N=(1,1) Super Yang-Mills on a (2+1) Dimensional Transverse Lattice with one Exact Supersymmetry

TL;DR

This paper develops a lattice formulation of 2+1 dimensional N=(1,1) Super Yang-Mills theory that preserves one supersymmetry exactly, enabling numerical analysis of bound states and winding phenomena.

Contribution

It introduces a transverse lattice approach that maintains one supersymmetry exactly and explores the Hamiltonian's supercharge structure and bound state properties.

Findings

Good convergence in bound state calculations

Relation between fermion and boson massless states

Winding states with inverse mass dependence

Abstract

We present a formulation of N=(1,1), Super Yang-Mills theory in 2+1 dimensions using a transverse lattice methods that exactly preserves one supersymmetry.

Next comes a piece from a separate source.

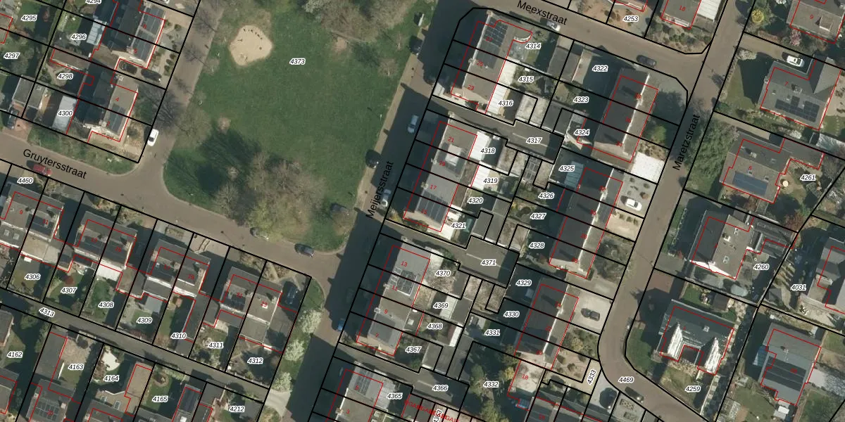 Meijersstraat 15 is gelegen op kadastraal perceel STE00B4321. Deze kadastrale aanduiding is uniek en wordt gebruikt door het Kadaster om eigendomsrechten en andere zakelijke rechten vast te leggen. Het perceel maakt onderdeel uit van de kadastrale gemeente Stein.

First, using a Lagrangian approach we obtain a standard transverse lattice formulation of the Hamiltonian. We then show that the Hamiltonian also can be written discretely as the square of a supercharge and that this produces a different result. Problems associated with the discrete realization of the full supercharge algebra are discussed. Numerically we solve for the bound states of the theory in the large N_c approximation and we find good convergence. We show that the number of fermion and boson massless bound states are closely related. Also we find that this theory admits winding states in the transverse direction and that their masses vary inversely with the winding number.